As mentioned before, Young Souls is a 2D brawler with action-RPG elements. This means that there are essentially two primary portions to the gameplay loop. The first revolves around Jenn and Tristan within their town. Aside from advancing the story through completing quests and objectives, players are able to improve their gear, stats (via leveling up), and interact with various NPCs.
Meanwhile, the brawler portion of Young Souls takes place within dungeons. These are also pretty straightforward as players fight through a variety of levels and goblins en route to finding the Professor. Players will also find an abundance of loot with which to improve their characters, ranging from common equipment to more unique and interesting ones. Character building, as always, is a good time, and I found myself building Jenn and Tristan differently to suit different situations. In cooperative play, I can see these strategies differing according to playstyle as well.
While the game features cooperative play, my experience with Young Souls was limited to the single-player portion. When playing alone, players may tag in and out between Jenn and Tristan. It would have been nice to have an AI control the other twin when playing solo, but it works alright nevertheless.
Although more video game experiences are trending towards it, it was still great to see Young Souls incorporate various accessibility options within the gameplay. With it, players are able to adjust the game’s difficulty as they see fit. While these options are not necessary for everyone, it is still great to see this for anyone who requires them.
Look Good, Feel Good
Young Souls’ audio and visual components play a big role in the game’s overall feel and atmosphere. The aesthetic of the game features a bit of that Cartoon Network-style look, with a muted color palette and unique character designs. Although the audio portion of the game isn’t as noticeable as the visuals, the soundtrack does suit the game well. Perhaps my favorite part of Young Soul’s audio is the sound effects, which in conjunction with the weapon’s feedback, helps with the game’s engagement.
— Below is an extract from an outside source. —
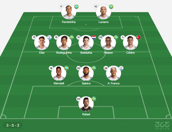 - Provável escalação do São Paulo: Rafael, Alan Franco, Sabino, Wendell; Cédric, Alisson, Bobadilla, Rodriguinho, Díaz; Ferreirinha, Luciano
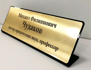 - На подставке — сменные полосы с именами/должностями.

Overall, Young Souls feels like a more mature cartoon in video game form, in a good way. It features two strong gameplay loops with satisfying elements and feedback. While there were some gameplay decisions that I wish were different, Young Souls is a solid package. Also as a note, it ran smoothly via Stadia, which was actually my first experience with the platform. All in all, Young Souls is a video game experience that is more than it first appears, and should not be overlooked.